(Your objective): Could you print the stretch of lines below from the one with "A beautiful arrangement" through the one with "据张屏介绍,坚持无偿献血给她", exactly as they stand and without any pictures?

(Input material):
++++

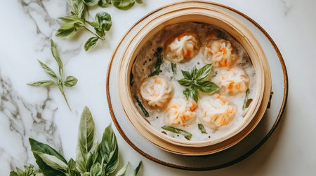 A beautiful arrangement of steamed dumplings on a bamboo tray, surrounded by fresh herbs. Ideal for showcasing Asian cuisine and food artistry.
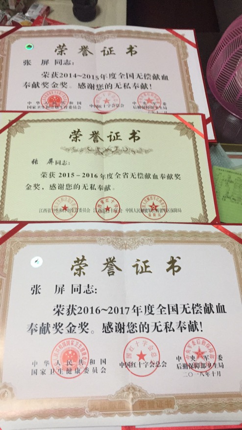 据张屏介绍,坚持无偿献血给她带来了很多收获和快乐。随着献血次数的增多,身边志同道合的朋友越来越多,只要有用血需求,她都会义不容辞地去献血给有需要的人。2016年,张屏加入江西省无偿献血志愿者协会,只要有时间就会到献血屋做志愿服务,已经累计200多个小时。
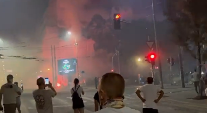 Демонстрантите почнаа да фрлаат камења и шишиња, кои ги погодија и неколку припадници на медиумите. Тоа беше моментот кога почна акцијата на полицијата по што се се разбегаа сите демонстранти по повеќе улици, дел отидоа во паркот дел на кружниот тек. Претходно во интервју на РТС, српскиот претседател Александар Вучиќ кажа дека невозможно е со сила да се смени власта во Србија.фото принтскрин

++++

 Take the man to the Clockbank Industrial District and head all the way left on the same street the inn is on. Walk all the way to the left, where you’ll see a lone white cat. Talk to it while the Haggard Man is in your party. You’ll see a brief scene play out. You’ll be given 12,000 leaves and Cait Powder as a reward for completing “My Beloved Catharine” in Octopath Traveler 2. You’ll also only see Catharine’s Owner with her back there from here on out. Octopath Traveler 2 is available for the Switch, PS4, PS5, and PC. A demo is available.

++++

(Response):
 A beautiful arrangement of steamed dumplings on a bamboo tray, surrounded by fresh herbs. Ideal for showcasing Asian cuisine and food artistry.
 据张屏介绍,坚持无偿献血给她带来了很多收获和快乐。随着献血次数的增多,身边志同道合的朋友越来越多,只要有用血需求,她都会义不容辞地去献血给有需要的人。2016年,张屏加入江西省无偿献血志愿者协会,只要有时间就会到献血屋做志愿服务,已经累计200多个小时。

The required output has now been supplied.